This practical has been adapted from International Statistical Genetics Workshop and the GenomicSEM wiki
This practical is available from https://cnsgenomics.com/data/teaching/GNGWS24/module4
The objective of this practical is to encourage you to think about how SEM could help you understand trait relationships within your own work.
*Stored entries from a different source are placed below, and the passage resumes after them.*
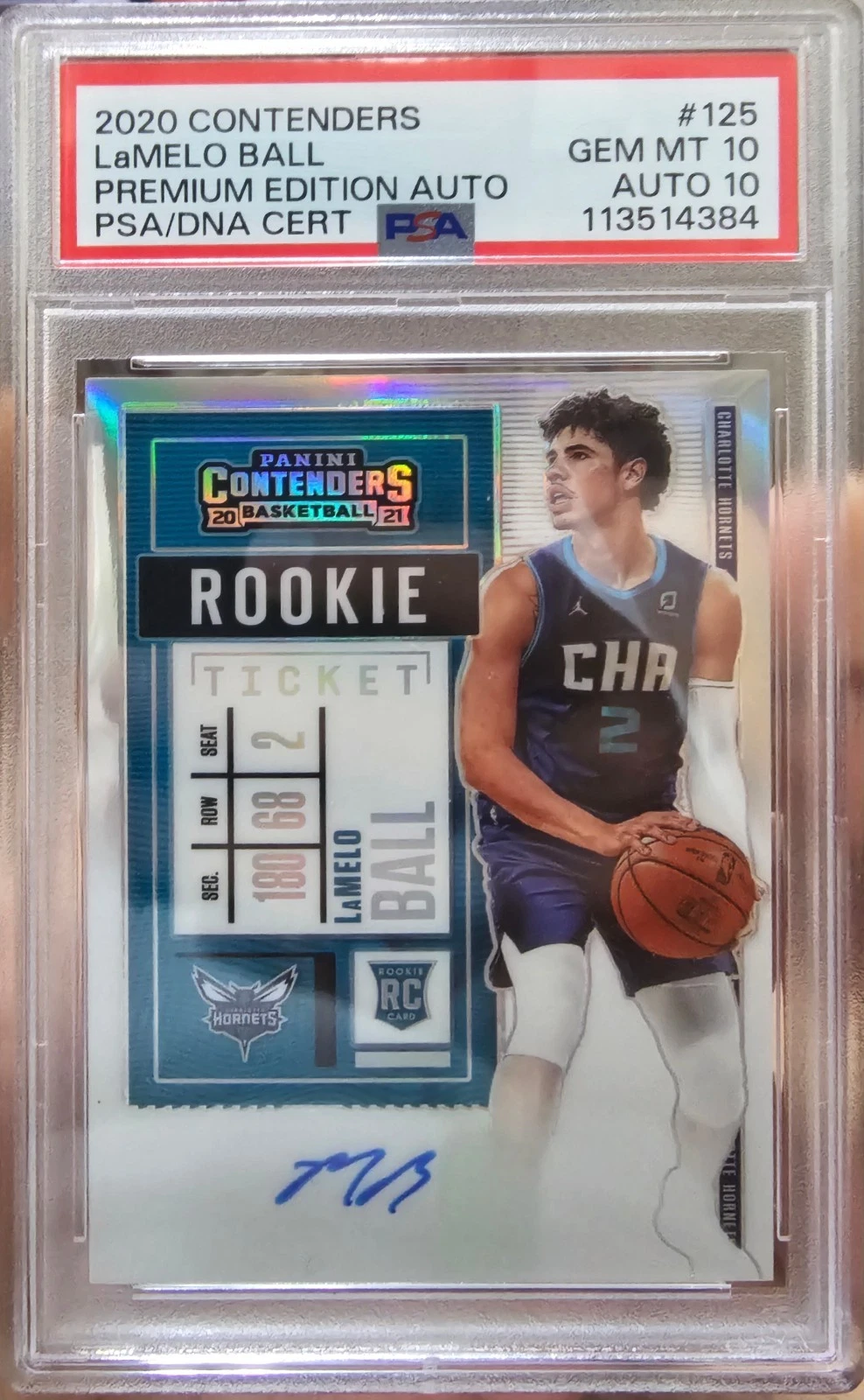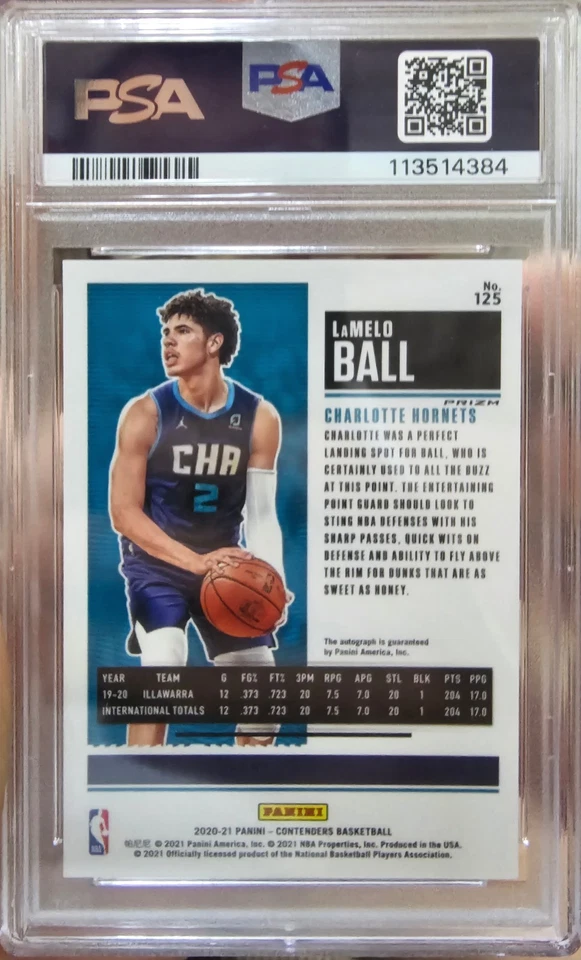 Whether you’re building a high-end rookie card collection, investing in long-term NBA talent, or seeking a true centerpiece card, the 2020 Contenders LaMelo Ball Rookie Ticket #125 Premium Edition Auto  PSA 20 is a standout acquisition.
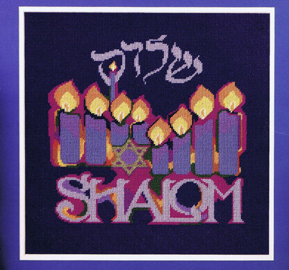 By Nancy Rossi. The solemnity of Jewish culture and tradition are depicted in this lovely, glowing menorah design. The Star of David is presented front and center and the traditional Hebrew greeting of shalom is featured. This design could be made into a Tallit bag or matzoh cover in addition to making a lovely picture or pillow.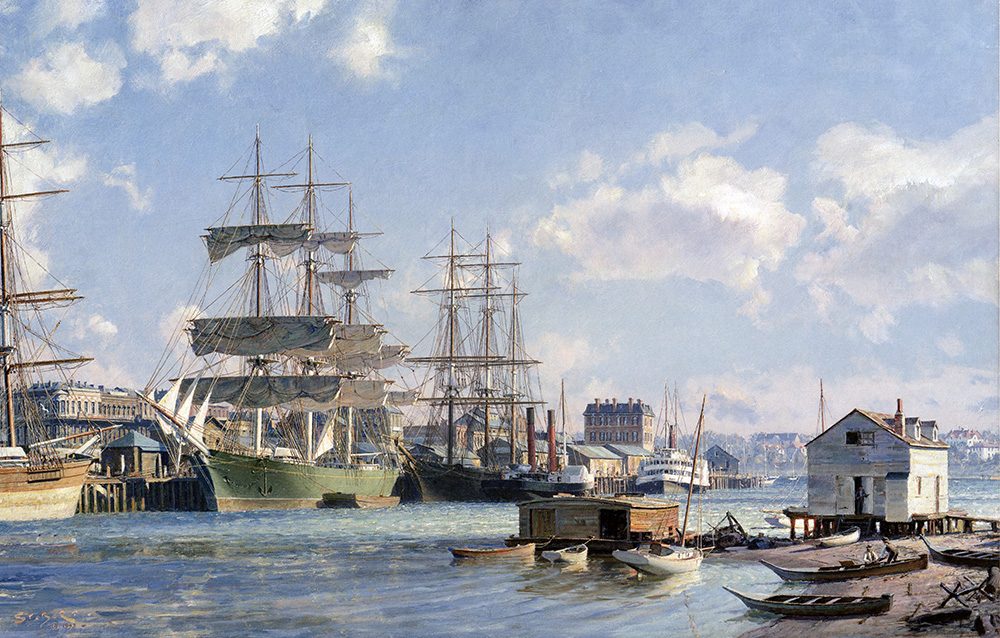 The “belle of the ball” here is the celebrated Aberdeen built clipper “Thermopylae” which having brought a cargo of rice from Saigon, arrived in port on 26th June, 1891, this presented us with a magnificent focal point. As in the case of her rival in the China tea trade, the famous “Cutty Sark”, and also the “Titania” and the “Taeping”, she was of composite construction (elm and teak planking on iron frames). Her most prominent identifying characteristic however, was that her hull color was green, making her the “prettiest vessel ever” under sail.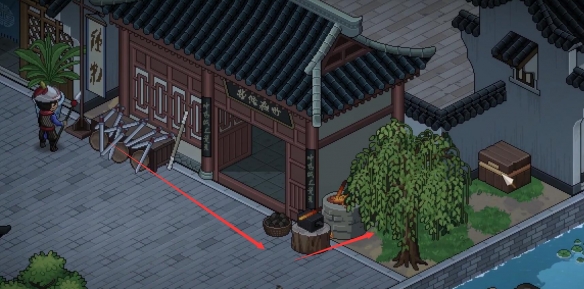 2、去【铁匠铺】然后往铁匠铺前面走,在树旁边找到线索;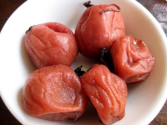 Japanse abrikozen (梅 ume) worden gedroogd en gepekeld in zout, waarna ze rood worden gekleurd door de bladeren van shiso. Umeboshi zien er uit als kleine gerimpelde rozerode olijfjes en smaken zoutig en zuur. Umeboshi worden met rijst gegeten.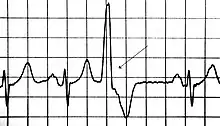 | A premature ventricular contraction marked by the arrow | |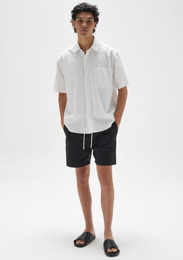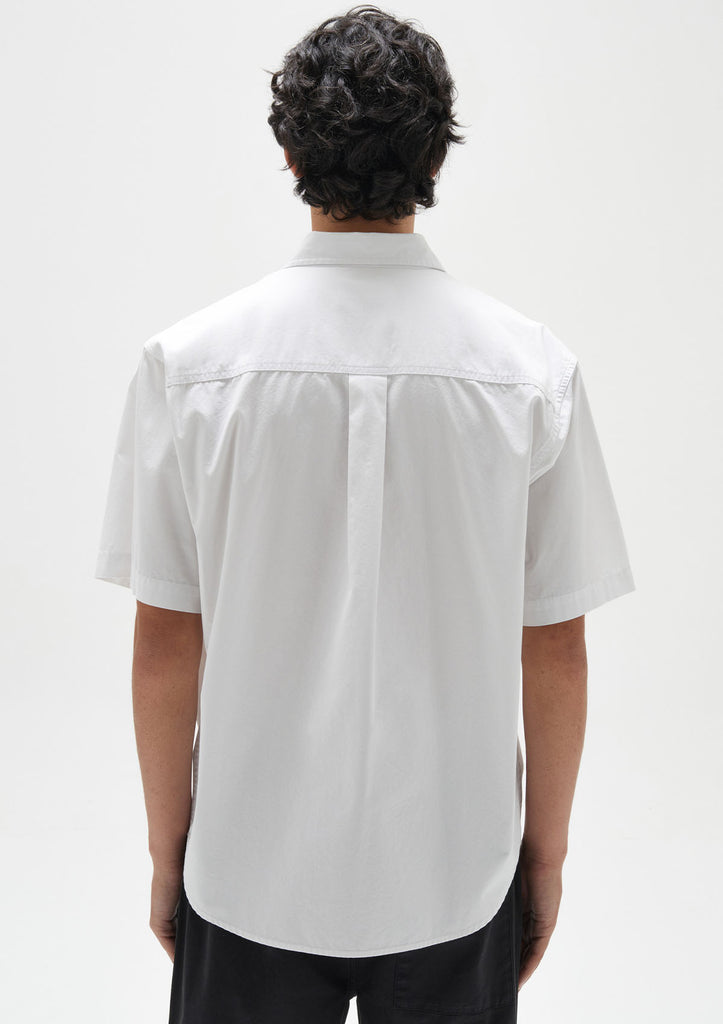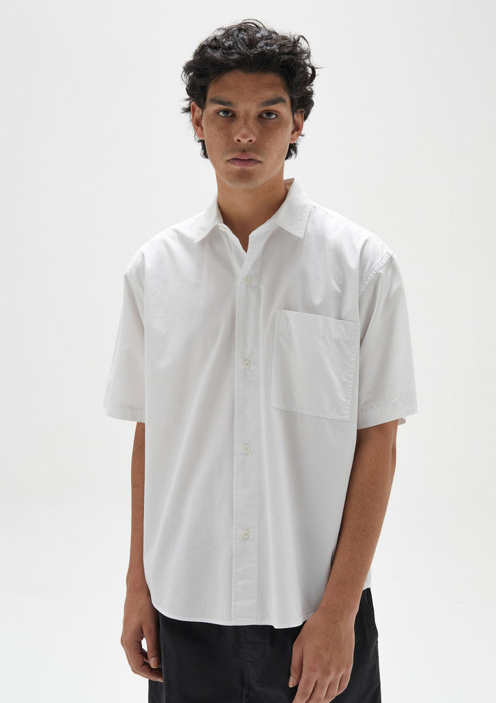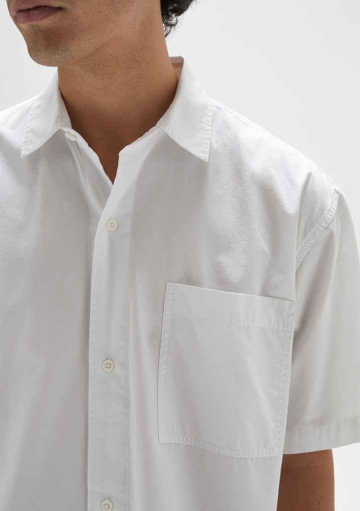 The Simon Poplin Short Sleeve Shirt is a wardrobe essential for warmer seasons. This button-up shirt is made from mid-weight cotton poplin and is designed for a modern boxy fit with a collar, box pleat and chest pocket.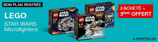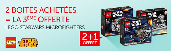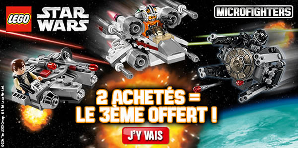 C'est au tour de Toys R Us de proposer la promotion qui a déjà eu lieu chez Cultura et FNAC.com : Vous achetez deux sets de la gamme LEGO Star Wars Microfighters parmi les six références disponibles et vous obtenez le troisième gratuitement.

GenomicSEM is a nice starting place as it only requires summary statistics but there will be a learning curve with the syntax! In this practical we will introduce GenomicSEM and help familiarise the basics.
What is GenomicSEM?
Application of SEM to summary level GWAS data for modelling the joint genetic architecture of genetically correlated traits.
Can be used to estimate the shared information across correlated polygenic traits either aggregate (genome-wide) or at the individual SNP level.
Utilises the genetic variance-covariance matrix estimated from summary-level data using LDSC
(Grotzinger et al. 2019): https://www.nature.com/articles/s41562-019-0566-x
We know there is a large degree of comorbidity across psychiatric disorders, in particular major depressive disorder, anxiety, alcohol use and PTSD.
It has been hypothesised the key mechanisms for risk of each of these psychiatric disorders operate through a general factor. This is supported by moderate to high genetic correlations across the 4 disorders.
Given the availability of summary statistics for each of these disorders, we can use GenomicSEM to examine the shared genetic architecture and construct the latent psychiatric factor F above (common factor model). We can then determine if there are any genetic variants associated with the factor by adding individual SNPs to the model (common factor model with individual SNP effects). The final part of the practical introduces you to some more complex models and is an opportunity for you to brainstorm how GenomicSEM (or SEM, more generally) can be informative for the questions you are trying to answer.
We are going to run this practical using R on the cluster. To log in start by opening the terminal.
You can login using the following command:
ssh <username>@<host>
You should have received a welcome package email that contains your username, host and password.
The data for this practical is located in
/data/module4/Practice_3_genomicSEM/data
If you haven’t already you will want to make a directory within your scratch for this module e.g.
mkdir -p /scratch/<username>/module4/Practice_3_genomicSEM
cd /scratch/<username>/module4/Practice_3_genomicSEM
Open R by typing R
# load in the package
library(GenomicSEM)
There will be 25 warnings (that’s expected..)
We will be using the following data
Major Depressive Disorder - cases=170k; controls=329k; (Howard et al. 2018)
Anxiety Disorders - cases=32k, controls=82; (Purves et al. 2019)
Alcohol use disorder - cases=8.5k; controls=20k; (Walters et al. 2018)
PTSD - cases=2.5k; controls=7k; (Duncan et al. 2017)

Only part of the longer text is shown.